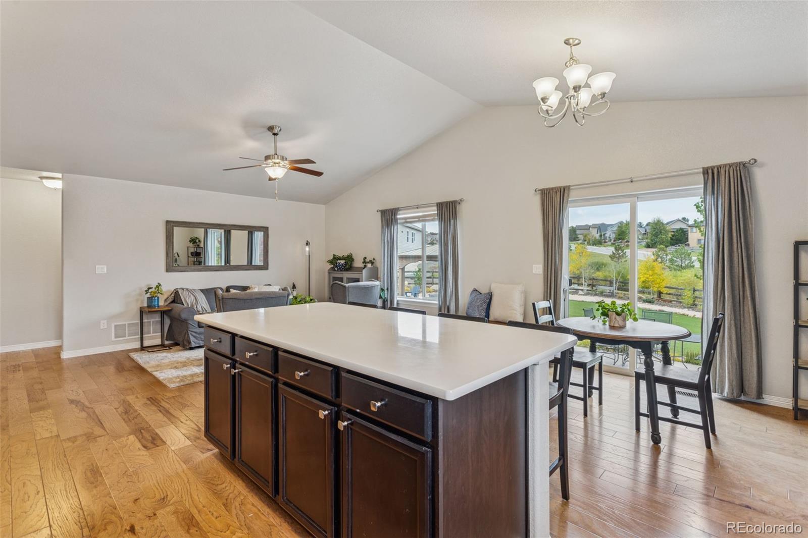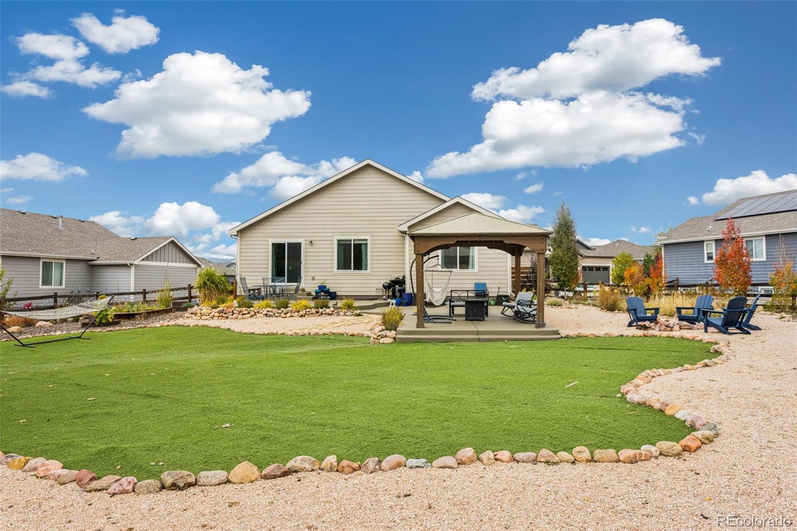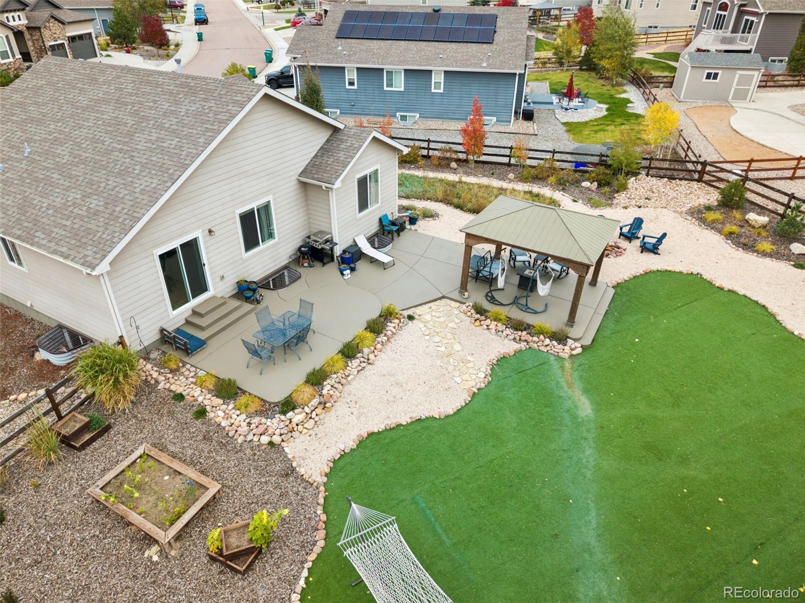 Welcome to this stunning ranch-style home in the heart of Monument that perfectly blends comfort, design, and Colorado living. Enjoy true main-level living with the primary suite and laundry conveniently located on the main floor. Soaring vaulted ceilings fill the home with natural light, while the gourmet kitchen impresses with elegant finishes, a large island, and quality appliances. The beautifully finished basement offers additional living and entertaining space, ideal for family nights or guests. Outside, you’ll love the zero-scaped front yard for easy maintenance and the huge, stunning backyard featuring a concrete patio, fire pit, and charming gazebo—perfect for a family who loves to relax and entertain under the Colorado sky.
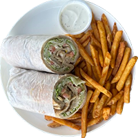 Chicken Gyro meat wrapped in friesh pita bread with onion, tomatoes, Lettuce, cucumber, feta cheese and tzatziki sauce, served with fries and a medium Soft drink
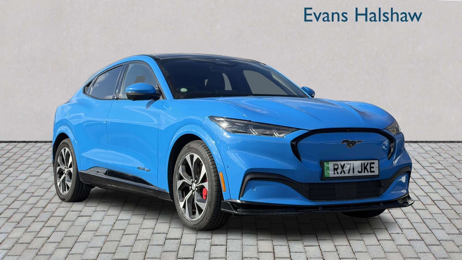 1 Previous Owner, Grabber Blue, Perforated Sensico Black with Blue Stitching, 10.2in Full Digital Cluster and 15.5in Central Touch Screen, 360 degree Camera, Adaptive LED Mustang Signature Headlamps, Advanced Active Park Assist, Applink Remote Control System, BO Premium Sound System 10Speaker including Dashboard Sound Bar, BLIS Blind Spot Information System with Cross Traffic Alert, Ford VarioPower Charging Cable, FordPass Connect Embedded Modem, Front and Rear Parking Sensors, High Power Charging Cable, Home Charging Cable, Intelligent Adaptive Cruise Control, LED Mustang Signature Taillights, Power Steering, Rear View Camera, SYNC with Connected Navigation and Natural Voice Search, Selectable Drive Modes ActiveWhisperUntamed, Wireless Device Charging Pad, 19in Alloy Wheels Black Machined, Blade Front Grille Design, Body Colour Bumpers, Body Colour Powerfold Mirrors with Puddle Light Mustang Logo Projection, Electric Windows Front, Full Panorama Roof, Privacy Glass, Quickclear Heated Windscreen, Red Brake Calipers, Side Cladding and Wheel Arches Body Colour, 8Way Power Driver and Passenger Seats, Air Conditioning Dual Zone Electronic Automatic Temperature Control, Dark Headliner, Front Trunk, Handsfree Tailgate, Heated Driver and Passenger Seats, Heated Steering Wheel, One Pedal Drive, ABS Antilock Braking System, Airbags Driver and Front Passenger, ELatch Keyless Entry System including BPillar Keypad Access, Lane Keeping Aid with Lane Departure Warning, PreCollision Assist with Forward Collision WarningDynamic Brake SupportAutonomous Emergency Braking, Thatcham Category 1 Alarm
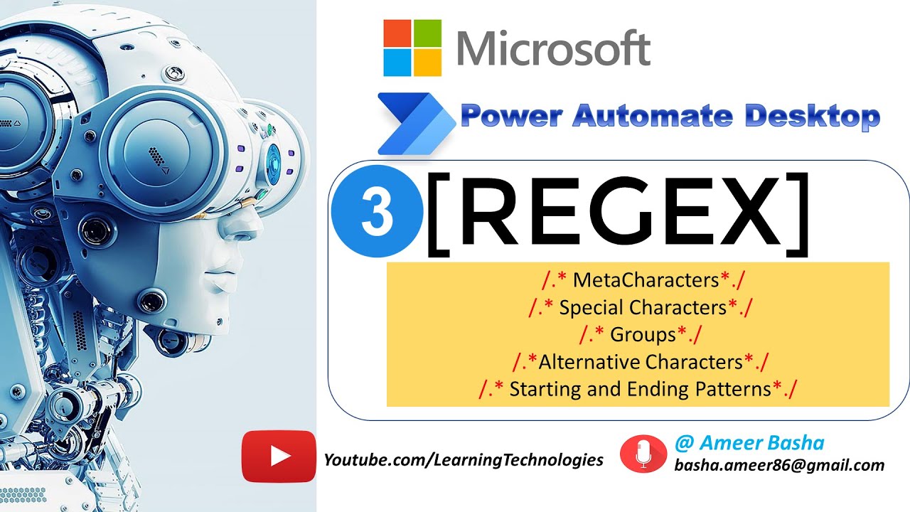 Power Automate Desktop || understanding RegEx (Metacharacters, Groups ,Starting and Ending Patterns)
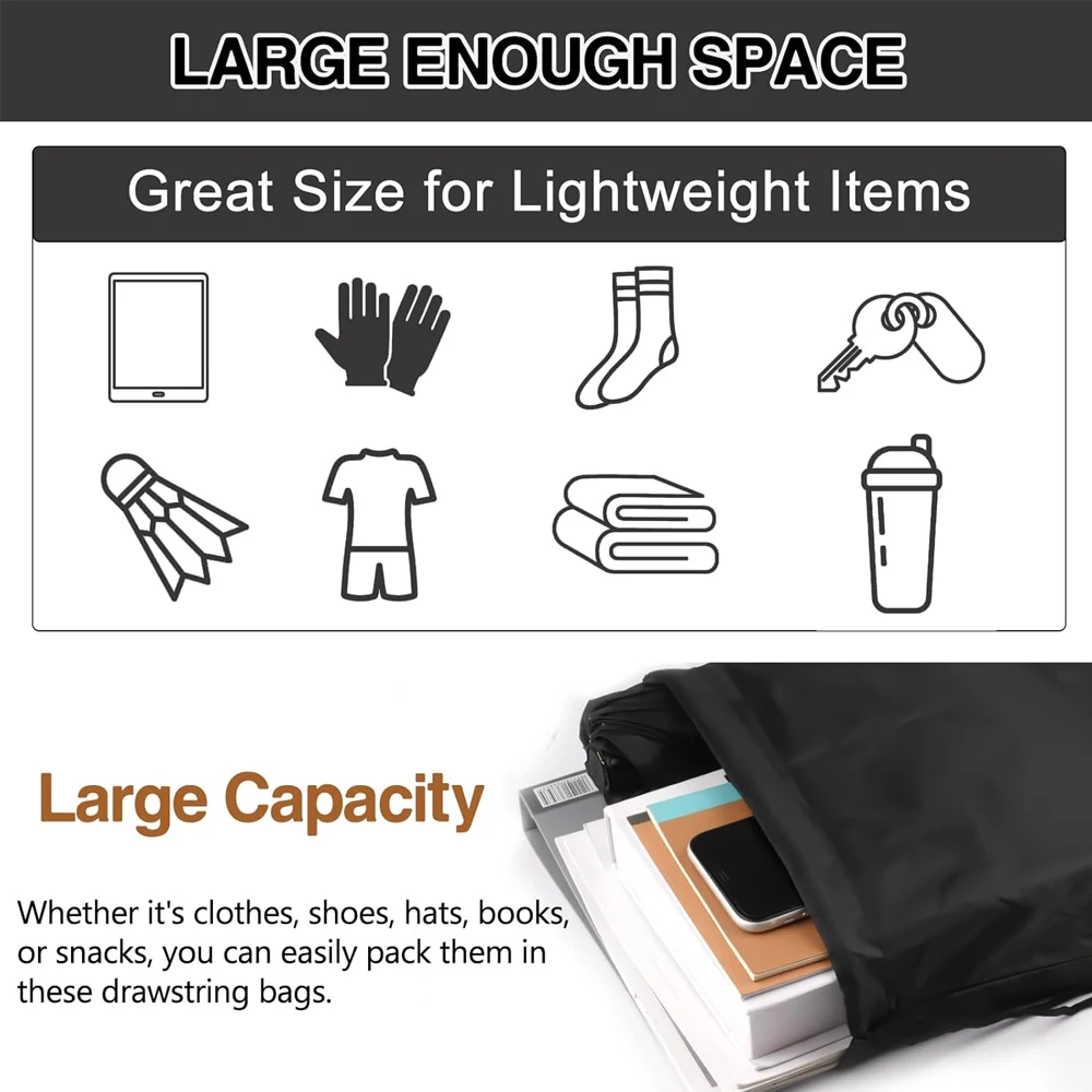 4. Sufficient Capacity : drawstring gym bag can hold a range of items including clothes, shoes, hats, footballs, basketball, books, snacks, daily necessities etc. Basically satisfy your short trip
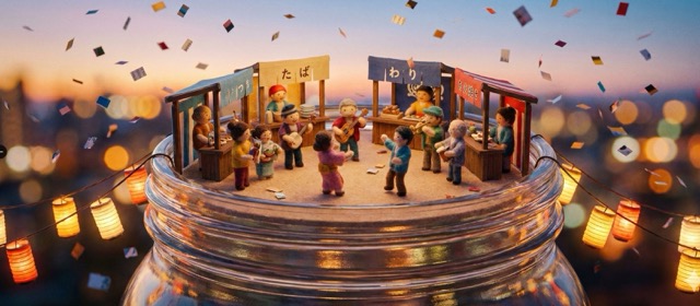 Prompt:A band of tiny [CHARACTERS] throwing a colorful festival on the rim of an enormous [EVERYDAY_OBJECT]. Paper lanterns strung on wire, confetti m
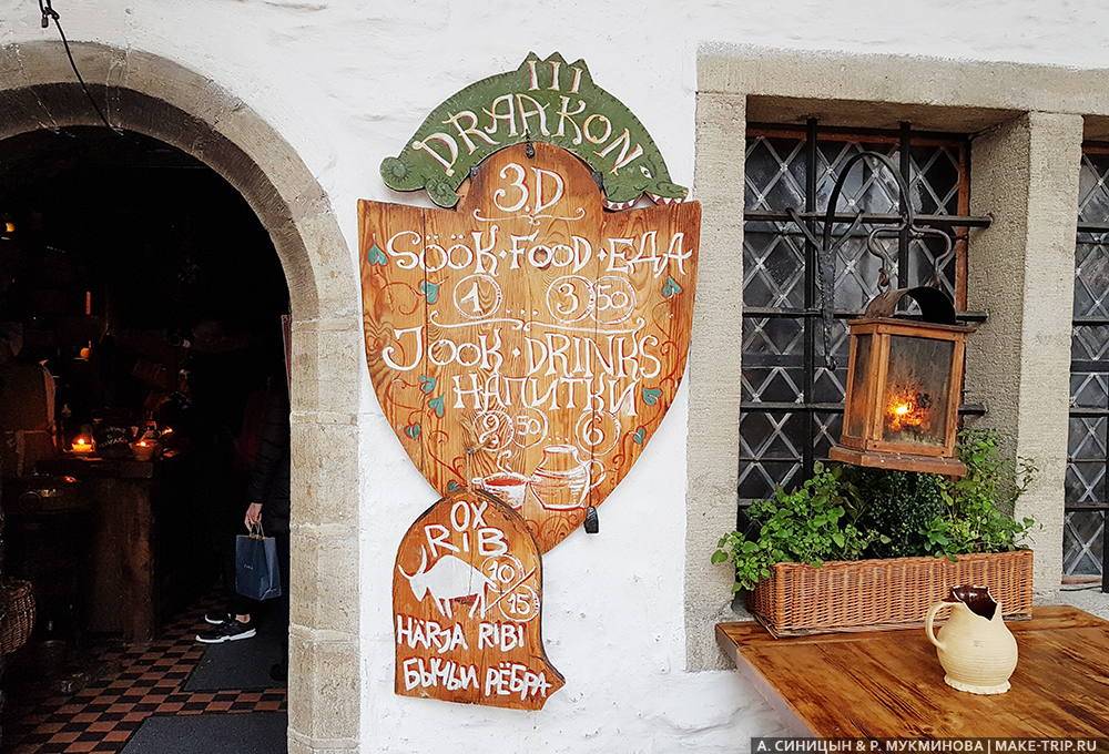 Вообще цены на еду не радуют, особенно в Старом Таллине. Если заглянете в Old Hansa, то увидите, что самое дешевое мясное блюдо стоит 14 евро. Пиво 0,5 л — от 6 евро (грустно вспоминается Прага с пивом за 1 евро). Или возьмем кафе Reval: основные блюда от 11 евро, десерты — от 2,20 до 8 евро, салаты от 5,5 евро.
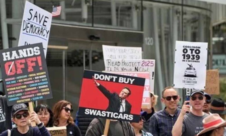 एलन मस्क के खिलाफ अमेरिका में सड़क पर उतरे हजारों लोग, फूंक दी टेस्ला की कई कारें
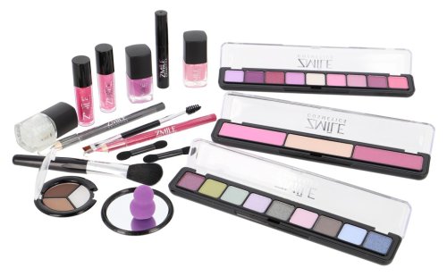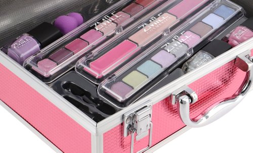 Kozmetický kufrík hliníkovými rámom Marry Berry s integrovaným zrkadlom - celkom 38 ks príslušenstva. Obsahuje 18× očnými tieňmi, 2× tvárenku, 1× zvýrazňovač, 1× vosk na obočie, 2× lesk na pery, 3× lak na nechty, 1× riasenka, 1× ceruzku na oči, 1× ceruzku na pery, 2× obojstranný aplikátor na tiene, 1× obojstranný aplikátor na obočie, 1× štetec na tvárenku, 1× okrúhle zrkadlo a 1× mini hubku na maku up. Dermatologicky testované, vyhovuje prísnym normám EÚ.
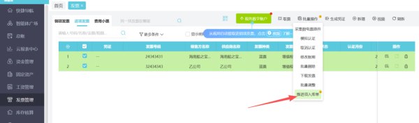 进项发票自动生成采购入库单,销项发票自动生成销售出库单
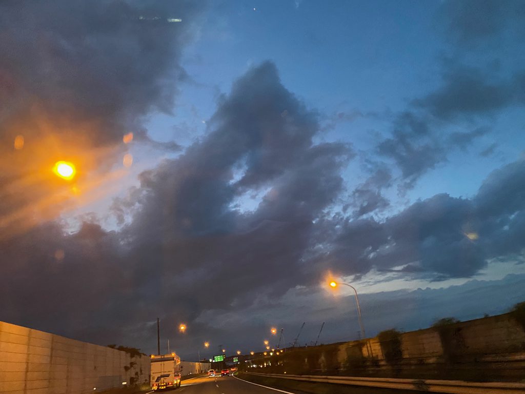 高速走行中、ヤバそうな暗い雲__、(_ _;;)
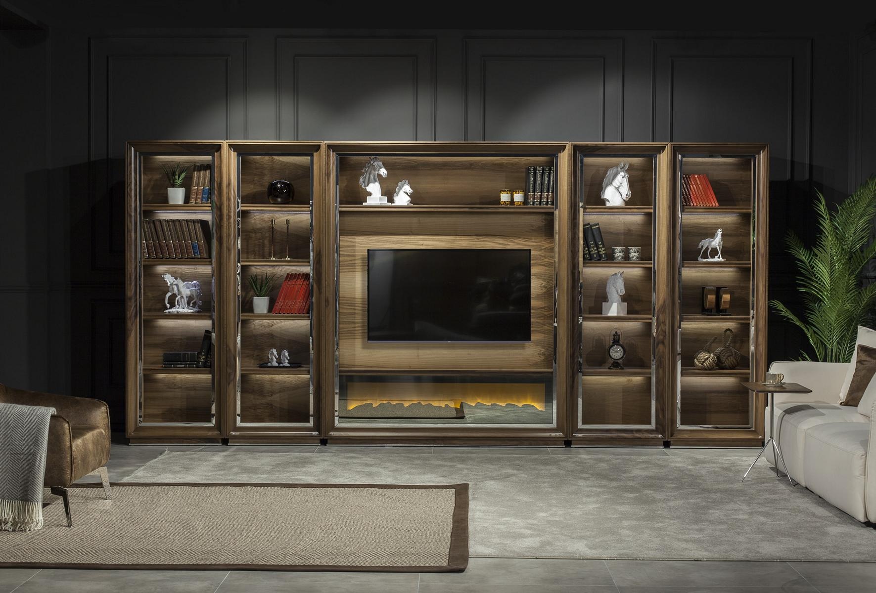 Luxusní obývací stěna 448 cm s krbem z dřeva | xlmoebel.at
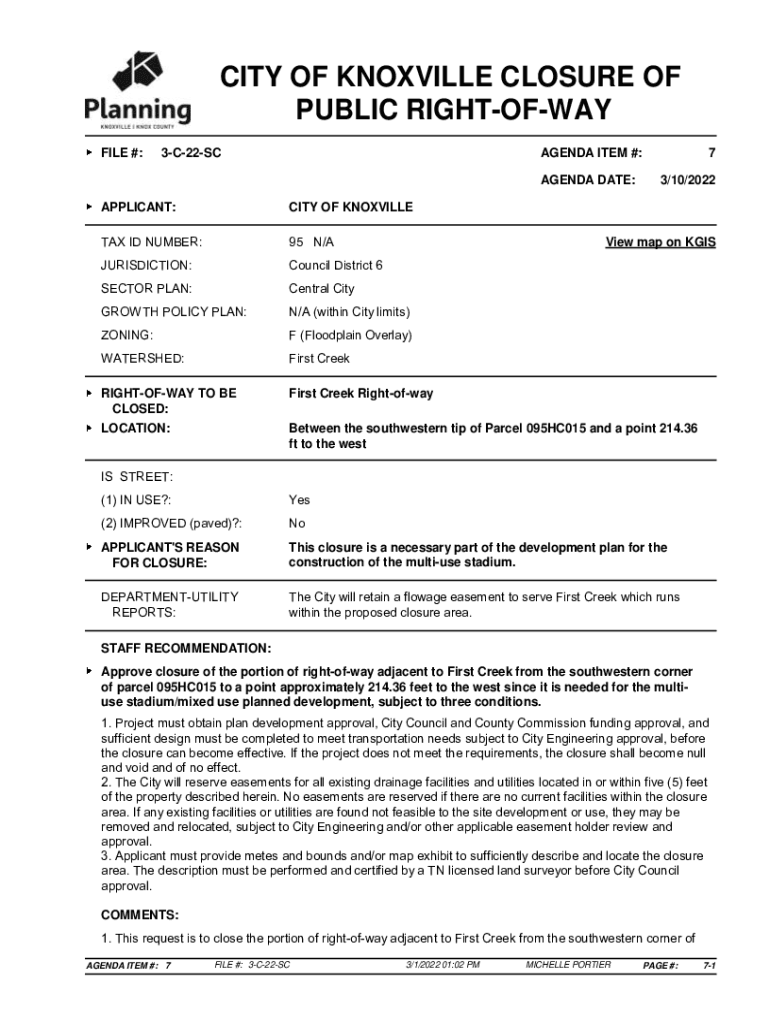 3/10/2022APPLICANT:CITY OF KNOXVILLE ID NUMBER:95 N/JURISDICTION:Council District 6SECTOR PLAN:Central Outgrowth

::::

How to complete this task
Copy exactly the lines from the one containing "Luxusní obývací stěna" through the final line of the records above, both included, and leave out any pictures.

Solution for this task
 Luxusní obývací stěna 448 cm s krbem z dřeva | xlmoebel.at
 3/10/2022APPLICANT:CITY OF KNOXVILLE ID NUMBER:95 N/JURISDICTION:Council District 6SECTOR PLAN:Central Outgrowth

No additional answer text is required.